Das Gebiet „Computational Logic“ befasst sich mit der Frage, wie sich logisches Schlussfolgern mathematisch beschreiben und mithilfe passender Algorithmen automatisieren lässt. Bei „Wissensrepräsentation“ geht es darum, das Wissen eines Gebietes formal zu strukturieren und in einem Computersystem zu hinterlegen. Dabei kann es sich um konkretes Faktenwissen, allgemeines Hintergrundwissen, operatives Wissen oder andere Formen handeln. Dieses Wissen wird dann automatisch kombiniert, um anspruchsvolle Aufgaben zu lösen, etwa die Beantwortung komplexer Anfragen oder Planungsprobleme.
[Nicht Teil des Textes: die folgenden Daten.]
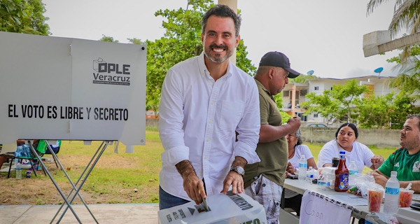 Alvarado: Polo Deschamps, candidato de Morena a la alcaldía de Alvarado, emitió su voto esta mañana en compañía de su esposa Luli y de sus hijos. Ahí hizo un llamado a la participación ciudadana en esta elección.

Logikbasierte Wissensrepräsentation fällt in den Bereich der symbolischen Künstlichen Intelligenz und findet in der Praxis breite Anwendung.
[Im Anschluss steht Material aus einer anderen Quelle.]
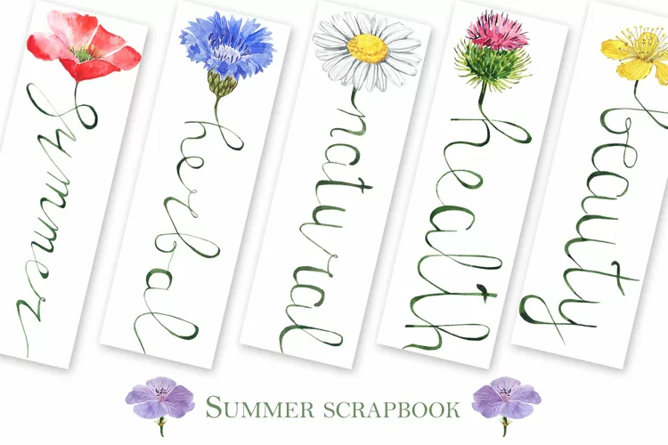 Hand Lettering Wildflowers Buttercup Hypericum Organic Font Poppy Watercolor Healthy Text Lettering With Flowers Beauty Word Geranium Field
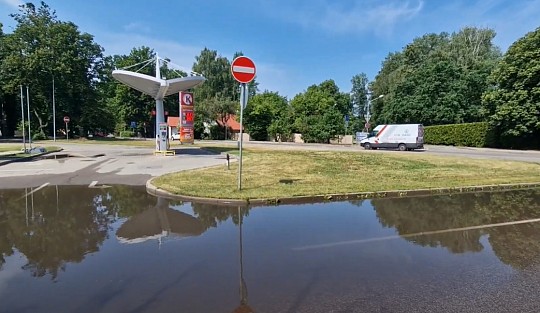 Jūrmalā nolijis lietus un mazais ezeriņš Kalēju ielā pie Circle degvielas uzpildes stacijas atkal savā vietā.

Seit dem großen Erfolg von ChatGPT wird Künstliche Intelligenz häufig mit Maschinellem Lernen gleichgesetzt. Ist das zu kurz gegriffen?Es stimmt, dass die öffentliche Wahrnehmung sich gerade stark auf Maschinelles Lernen konzentriert. Und das ist ja auch kein Wunder, schließlich sehen wir in den letzten Jahren eindrucksvolle Erfolge dieser sogenannten subsymbolischen Verfahren – gerade im Bereich Sprach- und Bildverarbeitung. Einige wenige Kollegen sind mittlerweile sogar der Meinung, dass die symbolischen Verfahren letztlich überflüssig werden. Die Mehrzahl ist aber der Ansicht, dass nur durch eine Integration beider Welten die jeweiligen Stärken miteinander kombiniert und die Schwächen ausgeglichen werden können. Auch ich bin überzeugt, dass Künstliche Intelligenz definitiv mehr ist als ChatGPT.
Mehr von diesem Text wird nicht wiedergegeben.